Why the scandal?

In recent years, the Church has faced a wave of public exposure. News outlets have reported everything from financial mismanagement to moral failure, hidden sin, broken systems, and leadership conflicts. Ministers have stepped down, organisations have been investigated, and long-concealed issues have surfaced with unsettling force.

For many, the question arises almost instinctively:

Why is this happening to the Church?
Why the scandal?

The easy response is to blame individuals, leadership models, or cultural pressures. But to stop there would miss the deeper spiritual reality unfolding beneath the surface.

Scripture does not leave us without insight. What we are witnessing is not merely a collapse of integrity — it is a divine shaking with a redemptive purpose.

Scandals reveal the humanity of the Church.

The Church is called by God, empowered by the Spirit, and commissioned for His purposes — yet it remains made up of human beings who are frail, flawed, and capable of falling.
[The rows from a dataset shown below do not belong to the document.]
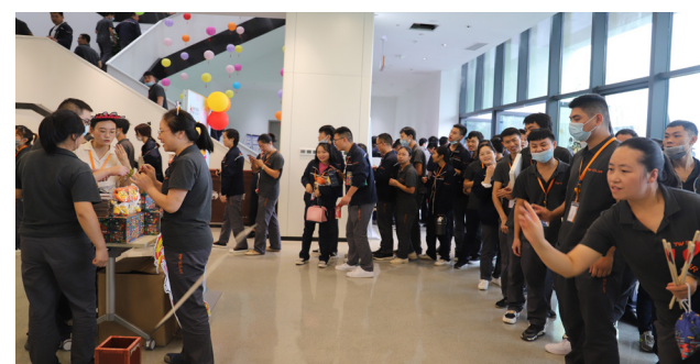
投篮游戏让员工体验“穿越”的乐趣

本报讯(通讯员 程良 徐忠琴 崔美珂 唐微丽)秋风送爽,丹桂飘香,为给奋斗在岗位上的广大员工营造团结和谐的工作氛围及浓厚的节日氛围,加强员工间的互动交流,弘扬通威“家”文化,9月17日,通威太阳能开展“月满中秋 情满通威”主题活动。 活动设有打卡集赞“挣”积分、“信”圆中秋爱满满、趣味投篮“礼”多多、喜欢你“套”住它、爱的魔力“转”圈圈、“中秋月饼DIY”、“趣味灯谜猜起来”等环节,每个主题活动的摊位前都排着长龙,活动现场十分火爆,节日氛围拉满,赢得游戏的欢呼声此起彼伏,到处洋溢着欢声笑语。 公司可爱的吉祥物“阳光仔”成为大家竞相合影的宠儿,一张张逗趣的中秋活动照片,员工们纷纷打卡通威中秋活动现场,让节日的氛围愈发浓厚。活动结束后,
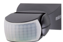
IS 1 svart
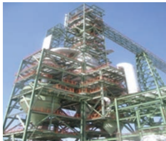
شکل ۱۴-۲- نمونه‌ای از توسعه صنعت بعد از انقلاب اسلامی (فولاد و نیروگاه قاینات) جدول ۱۴-۱- شاخص‌های صنعت و معدن در استان خراسان جنوبی در سال ۱۳۸۹
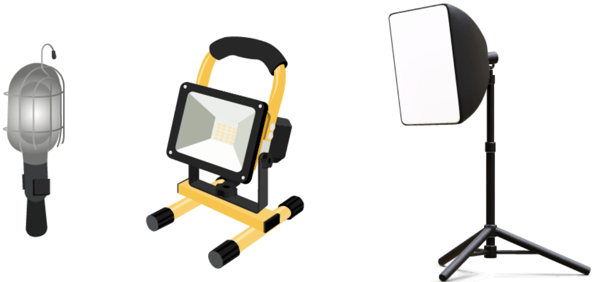
Figura 1.2.1.1. i. Ejemplos de luminaria portátil.

Por la cual se modifica el Reglamento Técnico de Iluminación y Alumbrado Público - RETILAP
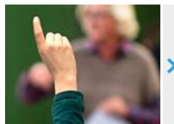
Merkel: Weiterbildung von Lehrern für Digitalisierung
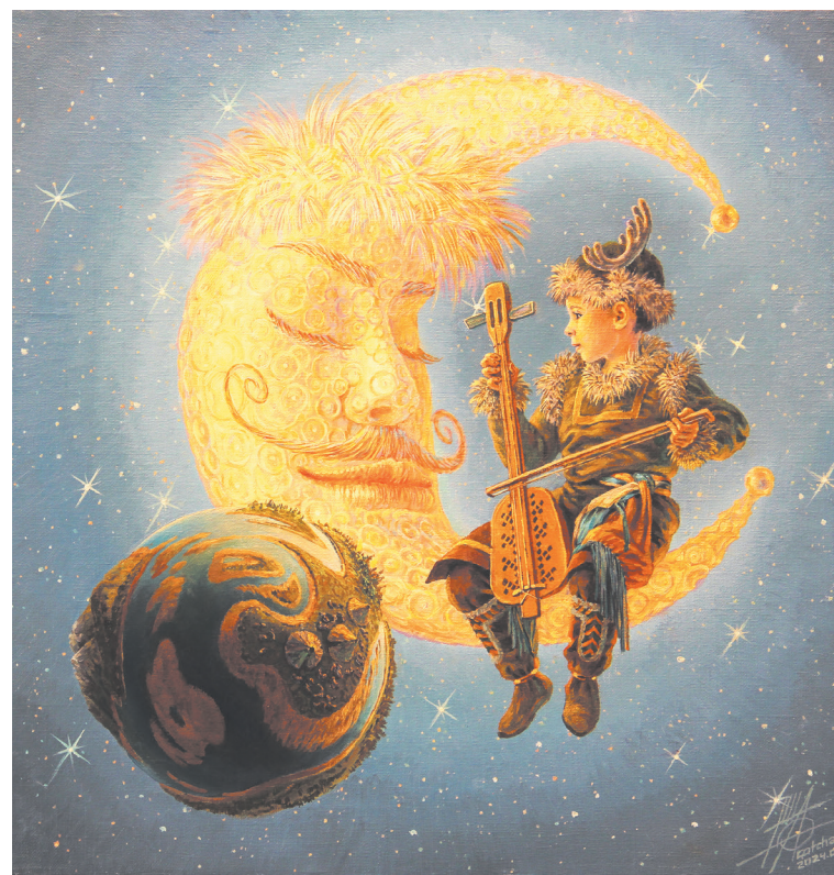
«Месяц и мальчик» (эвенкийская сказка), 2024, холст, масло

– Сказку читаю полностью, пытаюсь вникнуть, ухватить какой-то момент для иллюстрации. Время было весьма ограничено, в среднем на создание одной

When hidden affairs emerge, when embezzlement is uncovered, when political rivalry erupts among leaders, or when ministries subtly evolve into family empires rather than Kingdom outposts, we are reminded of a truth the early Church knew well:

We are still a people in need of sanctification.

The existence of sin in the camp is not evidence that God has abandoned His Church. It is evidence that we have often ignored the quiet warnings of the Spirit, tolerated unhealthy behavior, and elevated giftedness above godliness.

We have sometimes admired charisma more than character, applauded success more than surrender, and rewarded performance more than purity.

At the same time, scandals also reveal the divine purpose of God.

While humanity explains the failure, divinity explains the exposure.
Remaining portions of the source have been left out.